Re: [BUGFIX PATCH] kprobes/x86: Remove IRQ disabling from jprobe handlers

From: Ingo Molnar
Date: Thu Oct 05 2017 - 03:57:13 EST



* Masami Hiramatsu <mhiramat@xxxxxxxxxx> wrote:

> On Wed, 4 Oct 2017 12:41:01 +0200
> Ingo Molnar <mingo@xxxxxxxxxx> wrote:
>
> >
> > * Masami Hiramatsu <mhiramat@xxxxxxxxxx> wrote:
> >
> > > Hmm, actually we can not disable jprobe, that has no separate Kconfig.
> > > So we need to introduce new kconfig for that.
> > >
> > > And, there are several network protocols using jprobe to trace events.
> > > (e.g.

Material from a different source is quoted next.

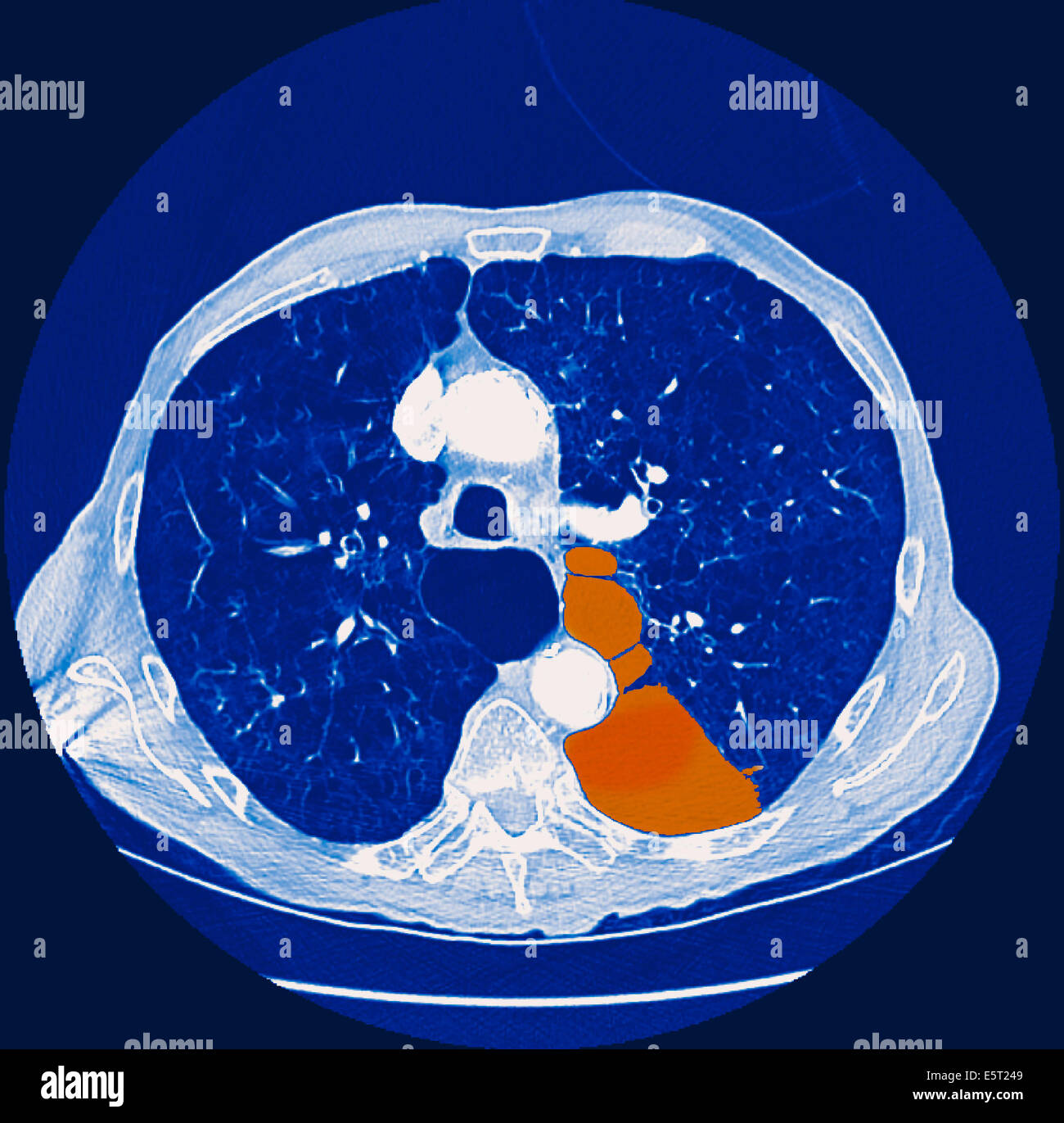 Tomografia Computerizzata Ct Scansione Di Una Sezione Attraverso Il Torace Di Un Paziente Con Un Pneumotorace O Polmone Collassato Arancione Il Foto Stock Alamy

NET_DCCPPROBE and NET_TCPPROBE)
> > > I think they need to migrate to trace-event at first.
> > >
> > > So, how about below idea?
> > >
> > > 1. Introduce CONFIG_JPROBE_API which only separate jprobe general parts
> > > (no arch dependent code involves) and make it default n.
> > > 2. Mark break_handler and jprobe APIs deprecated so that no new user comes up.
> > > 3. migrate in-kernel jprobe user to trace-event or ftrace.
> > > (may take some time)
> >
> > So my suggestion would be to just return from register_jprobe() and don't register
> > anything.
>
> with CONFIG_JPROBE_API=n, is that right?

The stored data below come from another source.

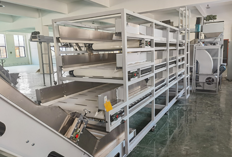 核心優(yōu)點:走水均勻,降低茶葉破損率,可增設(shè)空調(diào)通過改變環(huán)境條件加速回潮,便于下道炒干做型工序加工,整機回潮時間40-120分鐘可調(diào),是茶葉連續(xù)化加工的必備工序。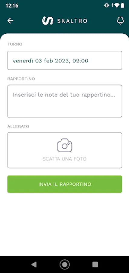 This section is dedicated to managing reports: just select a work shift and enter the details of the activities performed and their duration. The report will be automatically forwarded to the company management system.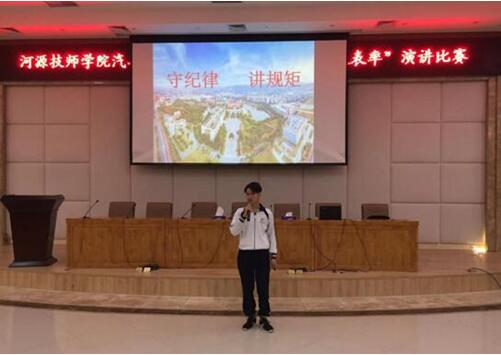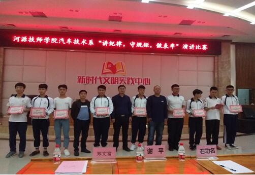 为严格规范学生日常行为,提高思想认识,更好地成长为德才兼备的技能人才,2018年12月5日,汽车技术系在图书馆报告厅举办了“讲纪律、守规矩、做表率”演讲比赛。汽车技术系党支部书记、主任石功名,副主任谢平,系团总支书记郑文富出席,专业教师李发船、艾文军、梁海深和张宇飞担任比赛评委。

No, unconditionally off with a WARN_ON_ONCE() warning in the registry function and
the deactivation of all in-kernel uses (such as self-tests).

The point is to make people that _truly_ rely on it complain - not just make them
silently turn on a Kconfig option ...

> > Yes, there are usecases of jprobes in the kernel, but they all look
> > pretty ancient and unused.
>
> Hmm, in that case, should we also remove those users? If we disable such way
> those features are just useless.

My hypothesis is that those features are not used (hence useless), but we should
first test whether there's any reliance before we remove code.